Objective: To investigate effect of curdione on the migration and invasion of human breast cancer HCC1937 cells and its mechanism.Method: HCC1937 cells were cultured in vitro and treated with curdione at various doses (0, 12.5, 25, 50, 100, 200, 400 μmol·L^-1) for 24, 48 h, the cell viability was detected by cell counting kit-8 method. curdione groups (12.5, 25, 50 μmol·L^-1) and blank group were established. The effect of curdione on the adhesion of HCC1937 cells was detected by the cell adhesion assay. The effect of curdione on migration of HCC1937 cells was detected by wound healing assay. The effect of curdione on the migration and invasion of HCC1937 cells were detected by transwell chamber assay. The effect of curdione on regulation of mitogen-activated protein kinase(MAPK)and protein kinase B(Akt)signaling pathways and the protein expressions of matrix metalloproteinases-2 (MMP-2) and matrix metalloproteinases-9 (MMP-9) of HCC1937 cells were detected by the Western blot analysis. Effect of curdione on mRNA expressions of MMP-2 and MMP-9 of HCC1937 cells were detected by Real-time PCR.Result: Compared with the blank group, curdione (12.5, 25, 50 μmol·L^-1) groups had no significant effect on cell viability, but a remarkable effect on cell viability HCC1937 cells, and cell viability was gradually decreased with the increase of the concentration of curdione (P<0.05, P<0.01) in a time and dose-dependent manner.

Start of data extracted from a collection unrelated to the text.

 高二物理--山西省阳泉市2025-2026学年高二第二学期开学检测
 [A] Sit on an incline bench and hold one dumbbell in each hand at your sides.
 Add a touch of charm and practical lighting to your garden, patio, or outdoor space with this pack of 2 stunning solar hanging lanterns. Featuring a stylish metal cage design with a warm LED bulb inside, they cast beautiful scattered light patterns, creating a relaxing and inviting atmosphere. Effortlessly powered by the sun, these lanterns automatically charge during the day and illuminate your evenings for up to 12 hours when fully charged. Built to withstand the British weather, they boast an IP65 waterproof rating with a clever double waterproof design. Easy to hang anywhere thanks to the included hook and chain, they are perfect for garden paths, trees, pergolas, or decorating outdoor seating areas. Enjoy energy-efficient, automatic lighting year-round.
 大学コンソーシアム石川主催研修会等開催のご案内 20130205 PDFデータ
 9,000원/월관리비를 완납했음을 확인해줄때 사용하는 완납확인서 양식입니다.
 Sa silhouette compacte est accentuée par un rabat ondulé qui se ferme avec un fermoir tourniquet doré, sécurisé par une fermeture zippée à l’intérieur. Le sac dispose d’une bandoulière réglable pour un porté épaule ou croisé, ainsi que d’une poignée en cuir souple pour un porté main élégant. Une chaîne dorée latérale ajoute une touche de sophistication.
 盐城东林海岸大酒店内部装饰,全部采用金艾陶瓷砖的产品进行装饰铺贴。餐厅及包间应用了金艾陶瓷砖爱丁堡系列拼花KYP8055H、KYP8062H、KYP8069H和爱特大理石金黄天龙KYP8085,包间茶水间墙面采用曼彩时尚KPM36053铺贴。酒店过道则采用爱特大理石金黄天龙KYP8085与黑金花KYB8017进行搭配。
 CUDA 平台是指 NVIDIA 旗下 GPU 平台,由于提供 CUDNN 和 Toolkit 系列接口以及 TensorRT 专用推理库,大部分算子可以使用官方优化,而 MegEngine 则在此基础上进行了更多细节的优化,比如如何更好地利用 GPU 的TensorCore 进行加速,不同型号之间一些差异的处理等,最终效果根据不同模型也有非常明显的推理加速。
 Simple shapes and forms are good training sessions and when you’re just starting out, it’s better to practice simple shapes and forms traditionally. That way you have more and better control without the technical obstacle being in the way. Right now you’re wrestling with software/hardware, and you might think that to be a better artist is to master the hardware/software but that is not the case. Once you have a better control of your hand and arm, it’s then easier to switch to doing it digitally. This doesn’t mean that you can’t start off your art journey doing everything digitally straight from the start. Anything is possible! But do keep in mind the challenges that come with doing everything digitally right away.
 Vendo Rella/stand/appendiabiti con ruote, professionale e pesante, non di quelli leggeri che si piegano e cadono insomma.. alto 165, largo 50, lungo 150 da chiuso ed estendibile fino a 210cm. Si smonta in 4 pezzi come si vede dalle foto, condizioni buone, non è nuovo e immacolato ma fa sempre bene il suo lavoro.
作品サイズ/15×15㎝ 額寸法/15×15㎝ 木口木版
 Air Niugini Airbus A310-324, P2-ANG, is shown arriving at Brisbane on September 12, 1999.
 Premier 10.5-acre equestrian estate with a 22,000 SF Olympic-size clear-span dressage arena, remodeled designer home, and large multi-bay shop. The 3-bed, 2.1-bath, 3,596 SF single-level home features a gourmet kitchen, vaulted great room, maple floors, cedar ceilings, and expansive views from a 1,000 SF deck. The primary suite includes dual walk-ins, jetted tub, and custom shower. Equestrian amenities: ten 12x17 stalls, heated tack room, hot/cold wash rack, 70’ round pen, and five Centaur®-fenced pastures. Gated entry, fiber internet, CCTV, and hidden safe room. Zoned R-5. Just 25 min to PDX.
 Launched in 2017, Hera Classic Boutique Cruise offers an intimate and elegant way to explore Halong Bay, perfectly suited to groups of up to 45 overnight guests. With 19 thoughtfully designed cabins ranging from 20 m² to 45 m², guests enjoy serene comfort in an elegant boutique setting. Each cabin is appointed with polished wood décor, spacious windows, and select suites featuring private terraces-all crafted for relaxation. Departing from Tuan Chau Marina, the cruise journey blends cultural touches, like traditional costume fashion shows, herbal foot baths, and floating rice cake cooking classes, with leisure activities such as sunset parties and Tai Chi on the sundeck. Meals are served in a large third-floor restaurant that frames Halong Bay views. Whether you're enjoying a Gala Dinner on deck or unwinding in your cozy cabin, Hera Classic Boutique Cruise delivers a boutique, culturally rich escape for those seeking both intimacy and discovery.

Compared with blank group, curdione groups (12.5, 25, 50 μmol·L^-1) had a significant effect on cell adhesion rate, migration rate and invasion rate of HCC1937 cells (P<0.05, P<0.01). Compared with the blank group, curdione groups (12.5, 25, 50 μmol·L^-1) could down-regulate phosphorylation levels of key proteins extracellular regulated protein kinases(ERK), c-Jun N-terminal kinase(JNK), Akt on MAPK and Akt signaling pathways (P<0.01), as well as the protein and mRNA expressions of MMP-2 and MMP-9 of HCC1937 cells.Conclusion: curdione can inhibit the migration and invasion of human breast cancer HCC1937 cells, and the mechanism may be related to down-regulation of phosphorylation levels of key proteins ERK, JNK, Akt on MAPK and Akt signaling pathways, so as to reduce the expressions of MMP2 and MMP-9.